General characteristics
- Type: Auxiliary motor boat
- Tonnage: 37grt
- Length: 60.6 ft (18.5 m)
- Beam: 18.5 ft (5.6 m)
- Depth: 10.5 ft (3.2 m)
- Sail plan: Ketch

= Batavia Road (boat) =

Batavia Road was a passenger boat used from 1946 for commercial tourist operation in the Houtman Abrolhos, a group of islands off the coast of Western Australia.

==History==
The 37grt ketch-rigged wooden motor boat Batavia Road was launched and completed in December 1946 by H Willmott & Co in Fremantle, Western Australia, from whom it had been ordered by the Australian Army during World War II. The boat had a registered length of 60.6 ft, length overall of 66.0 ft, beam of 18.5 ft and depth of 10.5 ft. The boat was powered by a Gray marine diesel of 225 bhp, giving a speed of 8 knots. It was registered at Fremantle in 1947 with official number 140199.
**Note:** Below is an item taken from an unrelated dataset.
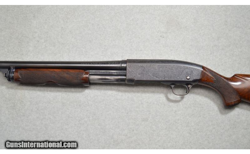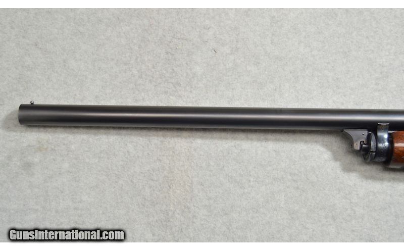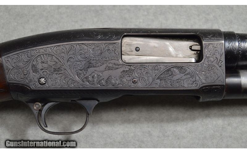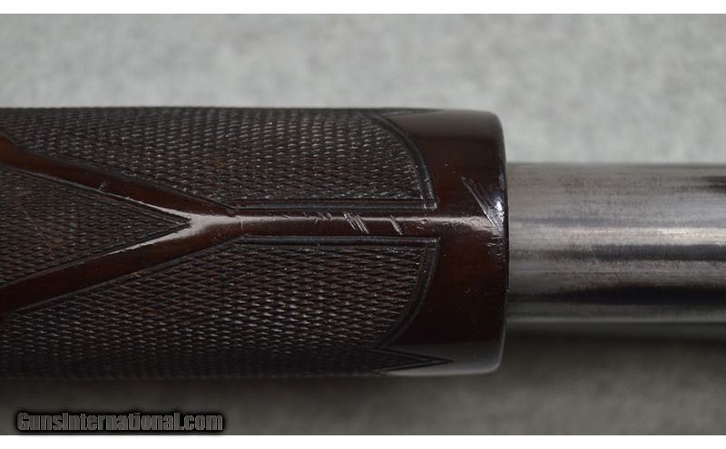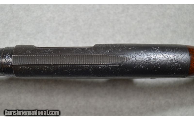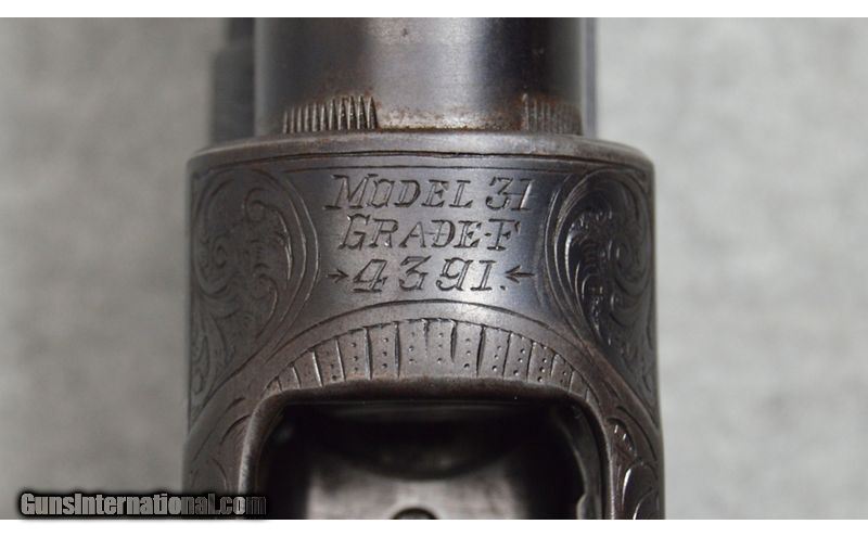 Description: Factory engraved Remington Model 31 F-Grade, 12 gauge shotgun is in very good condition. It features soft engravings on the top of the barrel and frame. The left side has a scroll engraving around two dogs and multiple game birds in a wooded scene. The right side has the same scroll engraving around two different dogs and multiple game birds in a grass scene. It has a wooden fore end and stock with a checkered pattern on the fore end and grip. The barrel, frame, and stock have handling marks. The magazine tube is retains 30% of its bluing. SN: 4391 12 Gauge SOLD Metal Condition: Very good condition Wood Condition: Good condition Bore Condition: Clean and shiny Barrels: 26 Stock Dimensions: LOP 14 1/2 Fore End: Wooden with a checkered pattern Butt Pad: Rubber Weight: 7lbs 5oz Sights: Single bead Chokes: Open Item Location: Fort Worth, TX |

In order to promote tourism to the Houtman Abrolhos, the Western Australia State Government obtained the boat from the Australian Army for purchase by Archdale "Dal" Gaze and Alan Fox. Batavia Road made its first sailing from Geraldton on Christmas Day 1946 and until 1948, together with their another boat, Suda Bay, Gaze and Fox transported tourists to and from the Houtman Abrolhos, especially Pelsaert Island. This was the first known commercial tourist operation in the Houtman Abrolhos. After the partnership split in 1948, Gaze continued using Batavia Road for tourism, as well as transporting stores and their catch for lobster fishermen based on the islands. On 13 June 1948 a cyclone struck the Houtman Abrolhos and the Batavia Road was blown ashore at Wreck Point, near the Half Moon Reef and was nearly sunk. Tourists assisted the crew in salving the boat and fabricating a replacement rudder and, after help from fishermen, they were able to make the passage back to Geraldton. Repairs were extensive and the boat returned to service in August 1948.

Gaze eventually wound up his tourist operation in 1951.

Later, Batavia Road passed to other owners, and foundered on rocks 20 mi north of Geraldton on 25 January 1974.

An anchorage at Pelsaert Island is named Batavia Road.